3. reporting data is output from MySQL to a MongoDB collection, indexed with ElasticSearch this for fast data retrieval to the analytics UI.
What I am looking for in a Architecture:
1. Simple and cheap - the more different components required the more complex it will be to develop and support.
> my preference is to use spark3 without hadoop.
> semi-cloud. mostly we will use dedicated servers, some cloud servers maybe added.
2. Should included failover in case any database or server or service goes down.
3. the ability to easily scale, add and configure new servers(linux). or if required quickly use a cloud service.
4. our current system works fine, but we are looking to provide additional services later so want a more modern design, that is simple to change.

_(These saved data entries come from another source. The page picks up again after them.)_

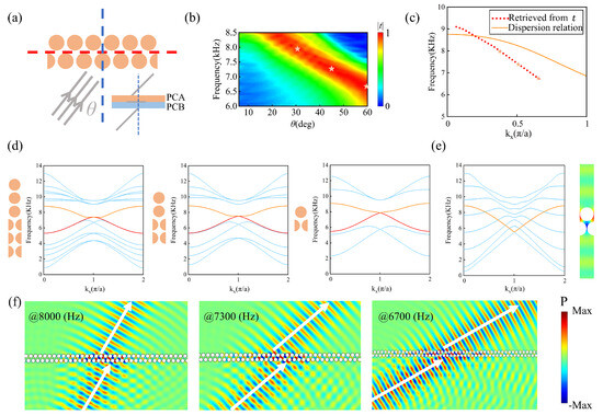 Then, we utilize the upper branch of the edge state with to achieve negative refraction. As illustrated in Figure 3c, the edge state of the upper branch exhibits negative dispersion in a broad range of , indicating that negative refraction can be achieved over a wide range of incident angles. The proposed phononic crystal interface with GR symmetry can be used to manipulate sound waves propagating in the direction opposite to conventional refraction, thereby enabling novel wave manipulation. To validate this idea, we conducted simulations for the transmission of sound waves when a plane wave is incident on a single-domain wall structure with , as illustrated in Figure 4a, where the gray line represents the incident plane wave at an angle of . Here, there is only one layer of PCA (PCB), which makes it easy to couple the incident plane wave into the edge state. The blue dashed line represents the normal of the interface, while the red dashed line represents the boundary between PCA and PCB. We selected the frequency (ranging from 6 kHz to 8.5 kHz) and incident angle (ranging from to ) of the incident sound wave as parameters to evaluate the transmission coefficient , as shown in Figure 4b. It is observable that over a broad range of incident angles, there is a specific frequency range that yields a high transmission coefficient, which originates from the excitation of the edge states. Moreover, owing to the conservation of momentum (wave vector) along the interface direction, we can deduce the dispersion relationship from the transmission spectrum and compare it with the dispersion in Figure 3c. In Figure 4c, the dispersion relationship retrieved from the transmission spectrum is plotted with red dots, and the dispersion in Figure 3c is plotted with an orange solid line. The similarity between the two dispersion relationships indicates that our designed structure can achieve effective coupling between the incident sound wave and the edge states. The observed discrepancy between the two dispersion relationships can be attributed to the influence of the air layer. In the previous simulation of band projection, we added a sufficient number of PCs (N = 10) on both sides of the structure to prevent interference from the air layer, providing a complete boundary band dispersion distribution without band interference, thereby facilitating the analysis of subsequent phenomena. However, in the subsequent simulation of negative dispersion, to meet the needs of practical negative refraction structure design and increase the transmittance of incident waves, it is necessary to minimize the absorption of waves by the boundaries as much as possible, which requires reducing the number N of unit cells in the vertical direction. We plotted the band projection as the number of layers N of the supercell strip gradually decreased, as depicted in Figure 4d. It is evident that as the number of layers N decreases, the boundary states persist stably. Even when the strip comprises only one unit cell each of PCA and PCB (N = 2), the boundary states remain intact. So that, in the case of N = 2, it can be considered that an infinitely long air layer is located at the top and bottom of the system, and the ineffective band in the air layer will enter the band gap, resulting in a faster descent of the boundary band along the positive kx direction and a decrease in the frequency of degenerate Dirac points. The new boundary band generated in this way is quite consistent with the dispersion retrieved from the transmission spectra, as shown in Figure 4e.
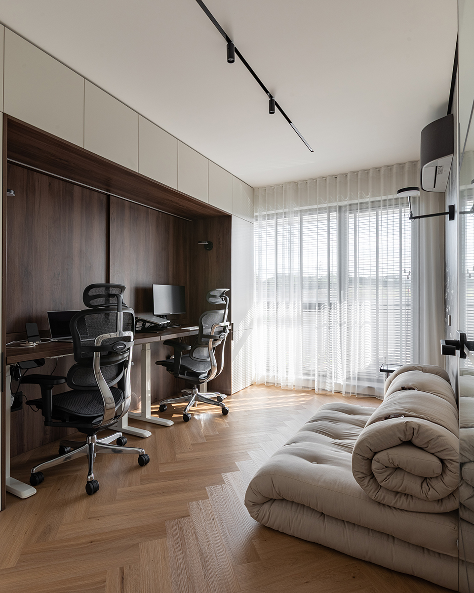 Amenajările propuse de Studio A pun accent pe organizarea clară a spațiului: zone de zi deschise și luminoase, spații de depozitare integrate discret, colțuri de lucru gândite astfel încât să nu domine întreaga locuință. Astfel, locuințele din Cluj, chiar și atunci când nu sunt foarte ample, capătă coerență și un ritm interior firesc, cu circulații fluide și locuri „moarte” reduse la minimum.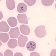 An important difference from malaria is that B. microti does not infect liver cells. Additionally, the piroplasm is spread by tick bites (Ixodes scapularis, the same tick that spreads Lyme disease), while the malaria protozoans are spread via mosquito. Finally, under the microscope, the merozoite form of the B. microti lifecycle in red blood cells forms a cross-shaped structure, often referred to as a "Maltese cross" or tetrad, in addition to intracellular "ring forms" which are also seen in the malaria parasite (Plasmodium spp.).[3]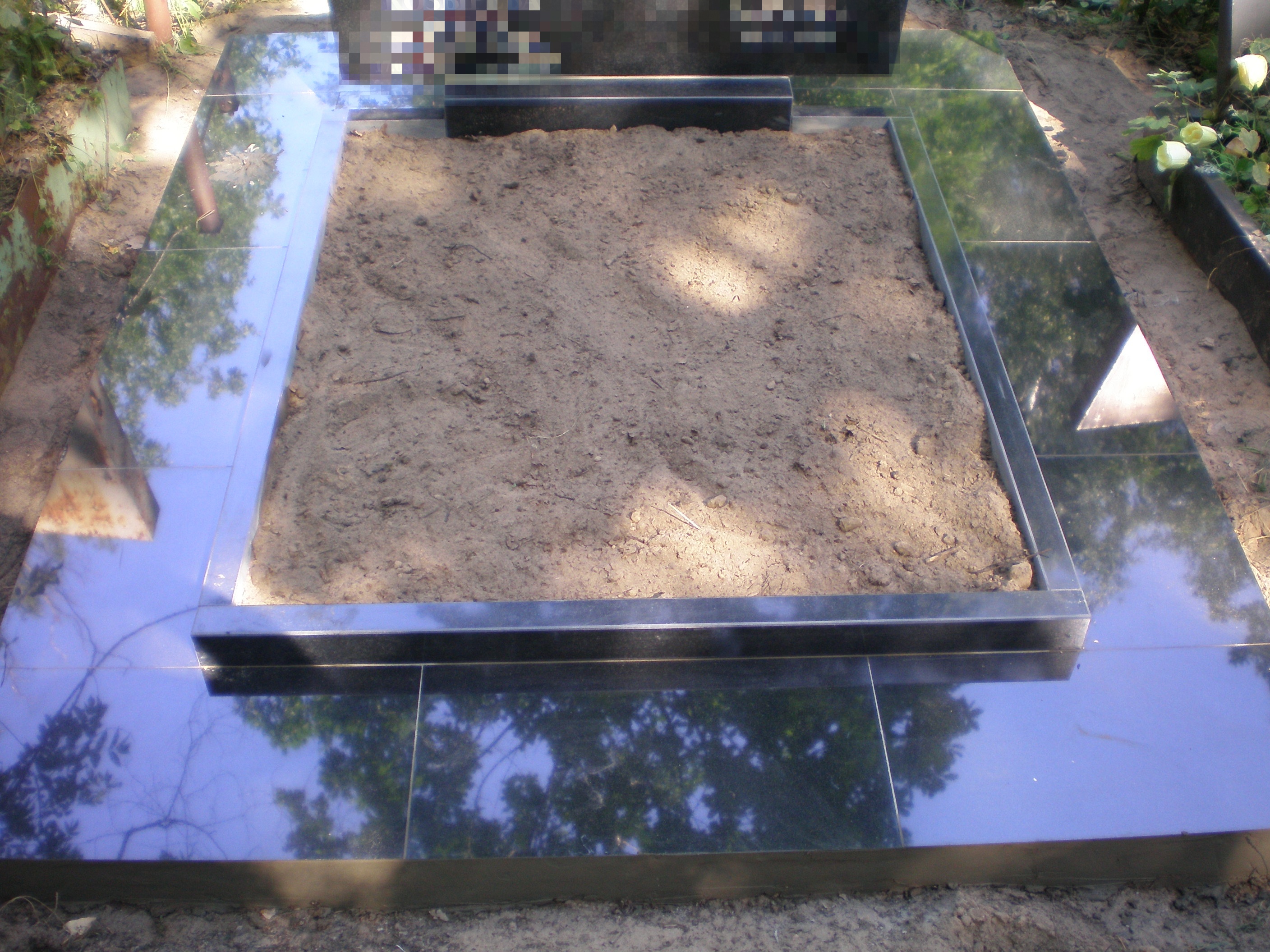 Установки памятника и цветника иногда бывает недостаточно — оформление цоколя могилы плиткой из гранита или мрамора помогает придать месту захоронения законченный аккуратный вид. Такая облицовка: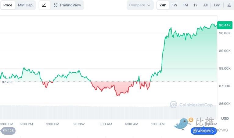 在经历数周低迷后,比特币在11月26日掀起一波强势反弹,价格突破9万美元大关,一举收复周二失地。此番上涨不仅打破了感恩节前的市场惯例,其背后更是宏观预期、资金回流与市场结构改善这三重利好共同作用的结果。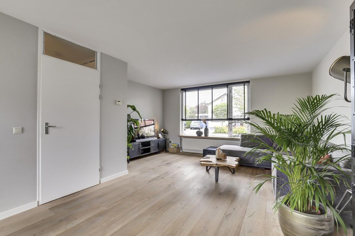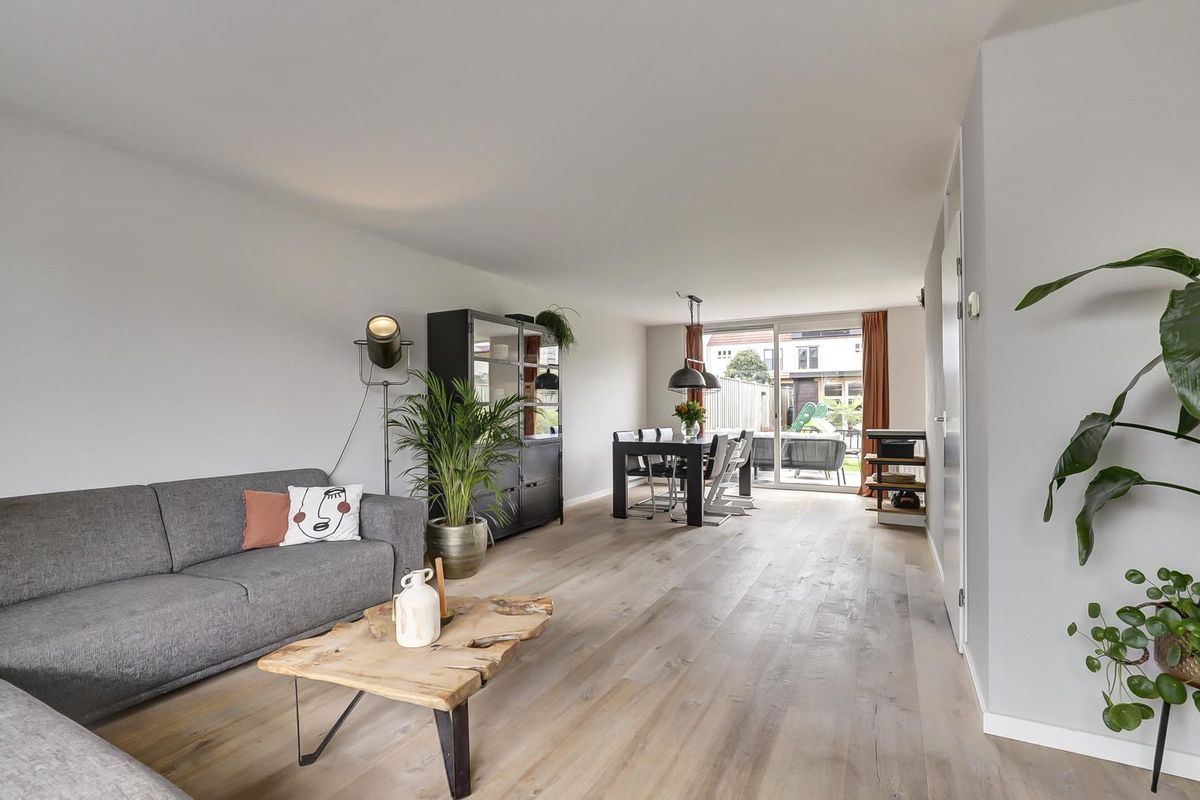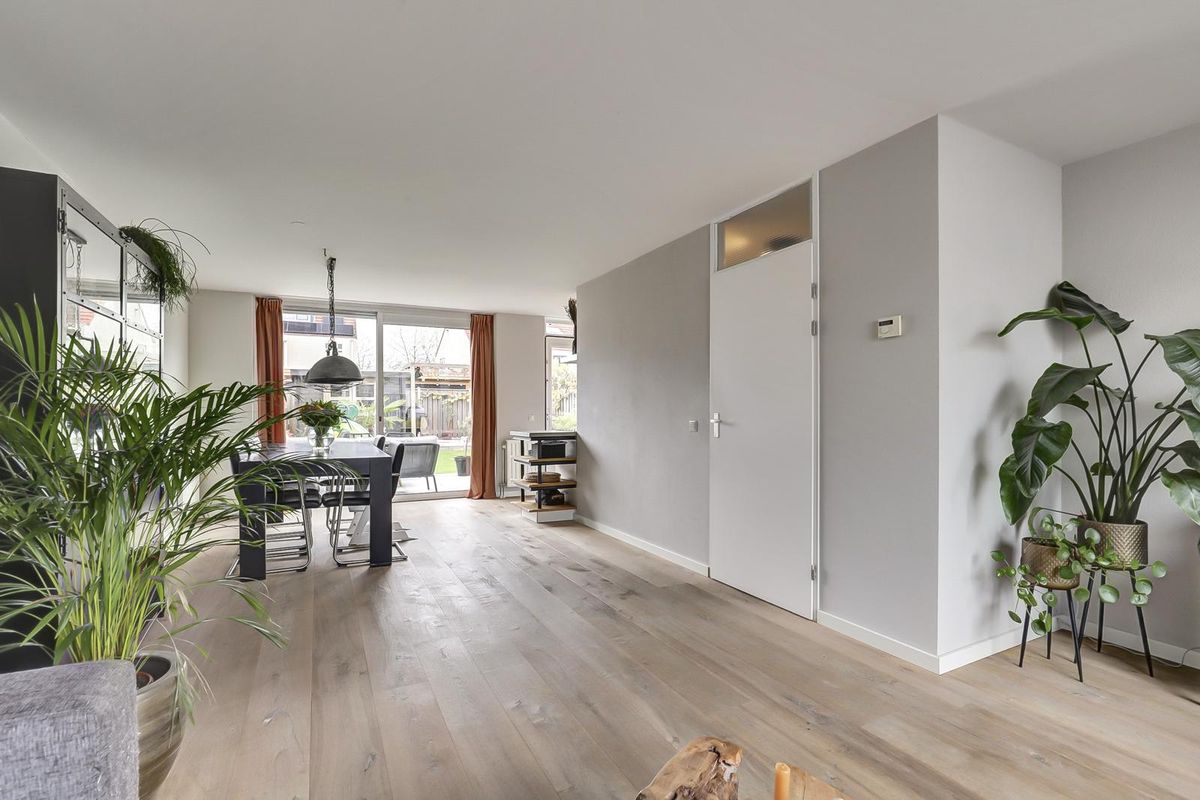 Via de ruime entree met meterkast, toilet en trapopgang betreedt u de lichte woonkamer. De woonkamer strekt zich uit over de volledige diepte van de woning en heeft een fraaie, lichte houten vloer. Dankzij de grote ramen aan de voor- en achterzijde valt er veel daglicht binnen, wat zorgt voor een aangename, open sfeer. Aan de voorzijde vindt u de gezellige zithoek, terwijl aan de achterzijde de eethoek een prachtig uitzicht biedt op de tuin.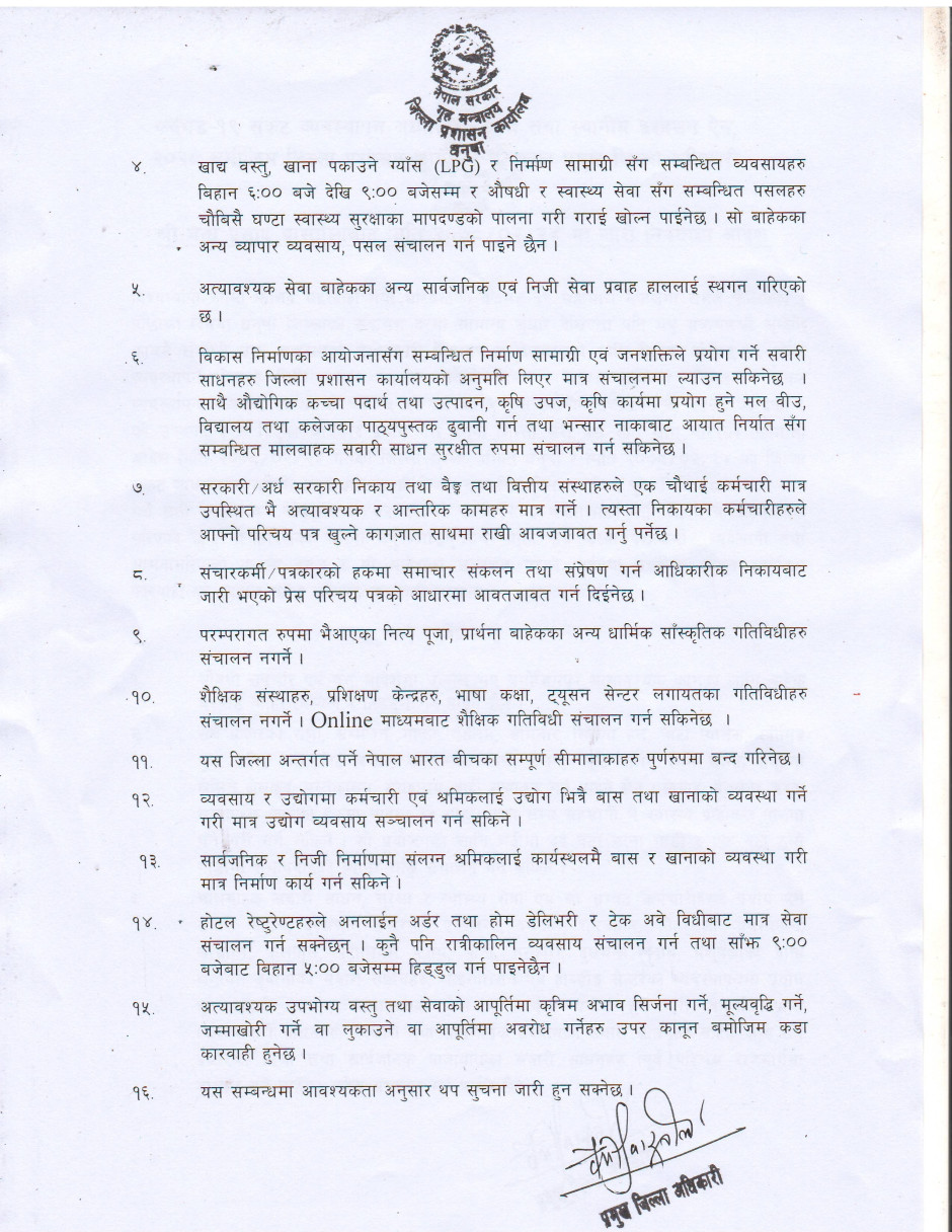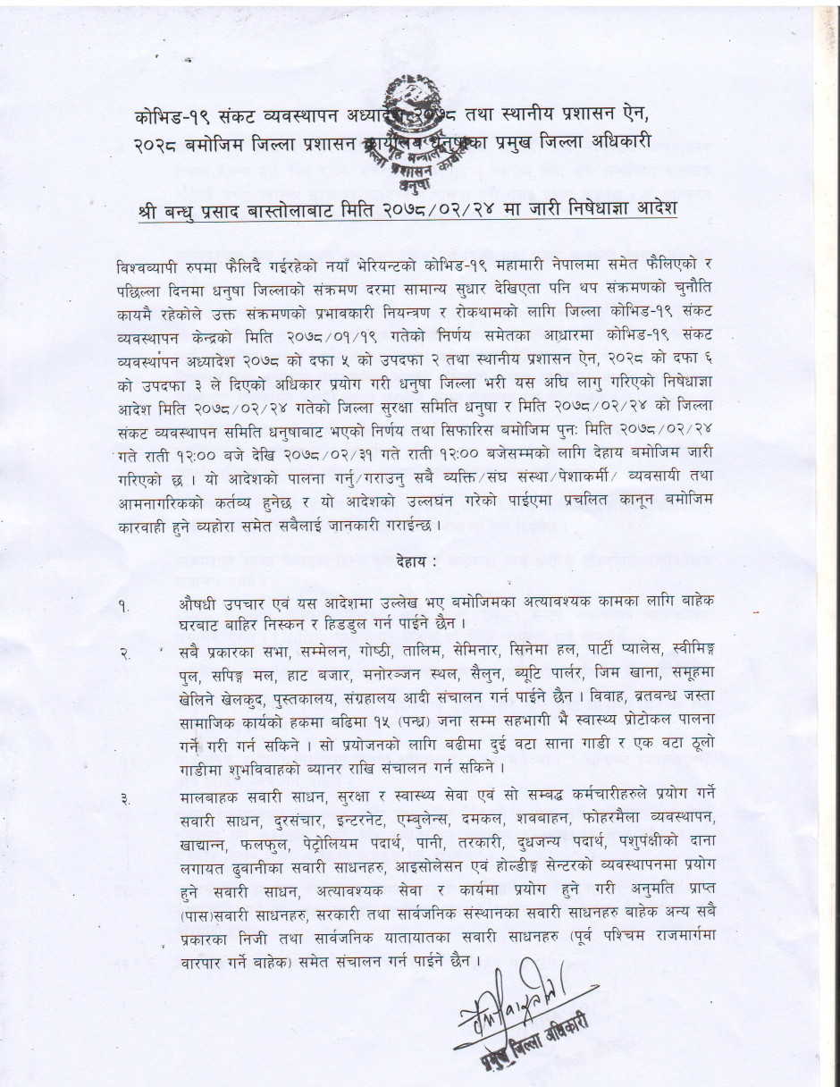 जिल्ला प्रशासन कार्यालय धनुषाबाट अवधि थप गरि जारी गरिएको निषेधाज्ञा आदेश

I am looking for someone that can provide a modern architecture, that is simple and can back up the design reasons for selecting each component over others.- these reasons must be provided.
If you also have the development skills to help develop this, we can also discuss setting up a prototype/poc.
We are a new start-up, new to truelancer, this is the first job posting.
Will to consider hourly or fixed price. but if you understand Big Data, this job should be quick.